We prefer to fill in a sequence with a growth of 5 so that we can accommodate the interests of all parties.
The code is as follows:
sequences=[[2.3], [1.2], [3.2.1], [1.2.5.6.7.8.9.9.9.1]]
sequences=pad_sequences(sequences, maxlen = 5, padding='post', truncating='post')
,2,0,0,0,3,0,0,0 # [[2], [1], [3,2,1,0,0], [1,2,5,6,7]]
Copy the code
Two new parameters are added, one is maxlen = 5, which is the maximum length allowed for the sequence. The other argument is truncating=’ POST ‘, which means truncating from the back (the front is pre).
This code means that whatever sequence comes in, I’m going to get the data with a growth of 5, add 0 for the less, and throw away the more.
In fact, this way is the most commonly used in actual combat. Because we can control the format of the input sequence of the training data, we also train a model with it. But when it comes to forecasting, the input formats are bizarre. Let’s say we trained a model with a 100-length piece of data. When using the model to make predictions, the user enters a 10,000-length data point and the model becomes unrecognizable. So, whether the user enters 10,000 lengths, or 1 length, it should be converted to the training length.
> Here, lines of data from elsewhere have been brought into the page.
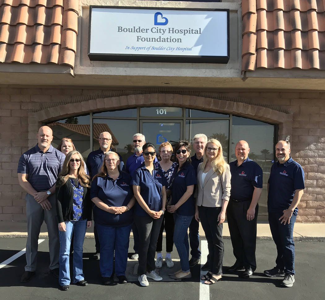 Boulder City Hospital was presented with a $1,000 donation from Copper Mountain Solar. It will be added to money raised at Saturday’s Heart of the Community Gala to help buy a new radiology software system called NovaRad, digital imaging equipment for image production and distribution so that images can be sent remotely to radiologists anywhere for reading. Attending the donation presentation were, back row, from left, Tom Maher, CEO; Wendy Adams, Scott Hinson, Alan Bowman, Aimee Fraser, Doug Lewis, Wendell Whitman and Bret Runion; front row, from left, Rae Cummings, Andre Pastian, Sue Manteris, Rebecca Ricksecker and Susan Melton of Copper Mountain Solar.
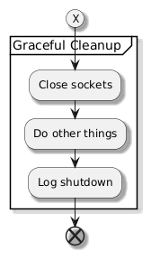 @startuml skinparam shadowing true (X) partition "Graceful Cleanup " { :Close sockets; :Do other things; :Log shutdown; } end @enduml
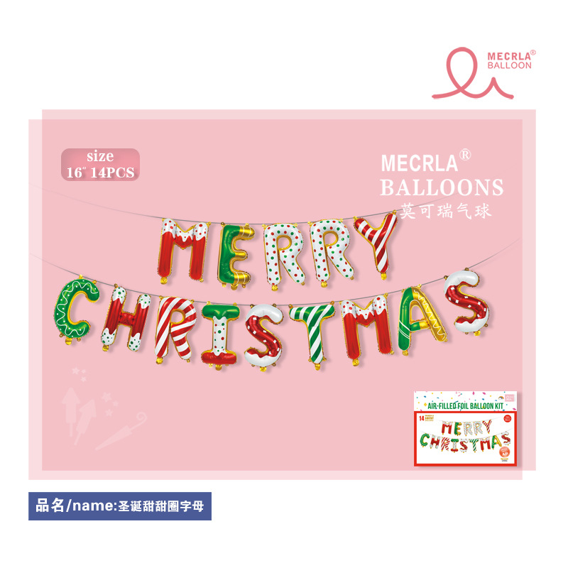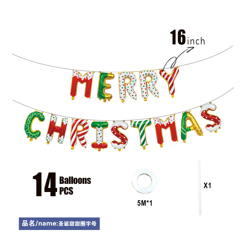 16寸英文字母套装跨境热销原创新品圣诞节快乐甜甜圈派对装饰布置
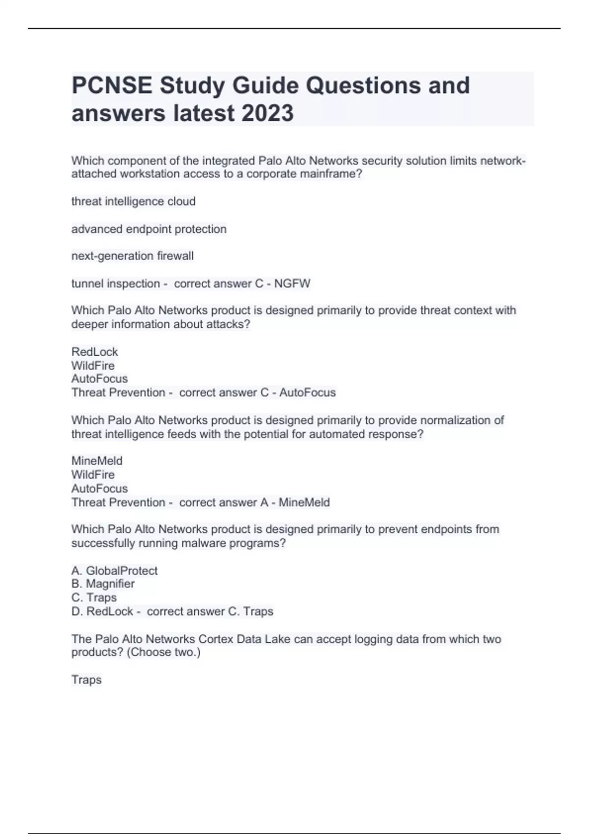 PACKAGE DEAL OF PCNSE QUESTION AND ANSWERS ALREADY PASSED
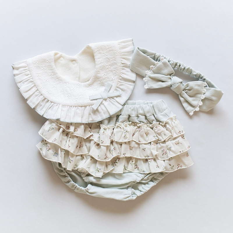 ●素材=スタイ 本体:綿100% 裏布:綿73% ポリエステル27% ブルマ 綿100% ヘアバンド 綿100% ●サイズ(約・cm)= Free 〈ブルマ〉股上23・ウエスト19・ヒップ巾35 〈スタイ〉総丈21.5 総幅:20.5 〈ヘアバンド〉頭囲44-52
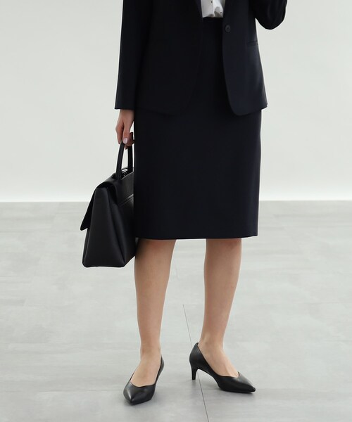 【デザインポイント】 すっきりときれいなラインのストレートスカートです。 身体にフィットしすぎないサイズ感なので肉を拾わずストンと落ちてきれいなシルエットで安心して着用頂けます。 丁度膝の隠れる丈なので上品な印象です。 ※ポケットなし 【スタイリングポイント】 同素材のジャケット(46040,46041)と合わせたキレイめセットアップスタイルはもちろん、単品としてニットやブラウスと合わせたオフィススタイルもおすすめです。 【素材ポイント】 この素材は、すっきりとしたキレイめな表情と、清涼感のあるドライタッチが特徴の梳毛調合繊になります。 適度なストレッチ性を持ったリラクシーな着心地に、シワになりずらいイージーケア性/UVケア性も兼ね備えた素材になっております。 ※裏地あり ※この製品は、太陽光線中の紫外線(UV)を通しにくくします。この効果は永久的ではありません。 【生地詳細】 透け感:なし 伸縮性:ややあり 生地の厚み:薄手 裏地:あり 洗濯方法:洗濯機洗い可 こちらの商品は主に夏に着用いただける商品です。 モデル情報:身長167cm B78 W61 H87 着用サイズ:38(M) 店舗へのお問い合わせ商品番号:127-76040 ●製品寸法: 03(XXXS):W59cm H85cm 総丈59cm 05(XXS):W62cm H88cm 総丈60cm 12(LL):W75cm H101cm 総丈65cm 13(LL):W79cm H105cm 総丈65cm 15(3L):W83cm H109cm 総丈65cm 17(4L):W87cm H113cm 総丈66cm 19(5L):W91cm H117cm 総丈67cm 34(S):W62cm H88cm 総丈62cm 36(S):W65cm H91cm 総丈62cm 38(M):W68cm H94cm 総丈63cm 40(L):W71cm H97cm 総丈64cm 42(L):W74cm H100cm 総丈65cm 備考:

3. Chinese word segmentation
English has Spaces to distinguish words.
I love cat.
There are three words in it: I, love and cat.
However, Chinese does not have a marker to distinguish words.
I like cats.
How many words are in it?
This is awkward.
NLP must be based on vocabulary.
Chinese word splitting is huge, and third-party services are generally used.
For example, stuttering word segmentation is used to achieve word splitting.
3.1 Jieba installation and use method
Code is compatible with Python 2/3
- Fully automatic installation:
easy_install jieba
orpip install jieba
/pip3 install jieba
- Semi-automatic installation: Download it firstpypi.python.org/pypi/jieba/Decompress and run
python setup.py install
- Manual installation: Download code files to place jieba directory in the current directory or site-packages directory
- through
import jieba
To refer to
Pay attention to “Peking University” below:
import jieba
sentence = "".join(jieba.cut("Welcome to Peking University Cafeteria."))
print(sentence) Welcome to Peking University Cafeteria
sentence2 = "".join(jieba.cut("Welcome to Beijing University Student Volunteer Center"))
print(sentence2) Welcome to Beijing University Student Volunteer Center
Copy the code
Natural language processing in Chinese starts with breaking down words. That’s the only difference.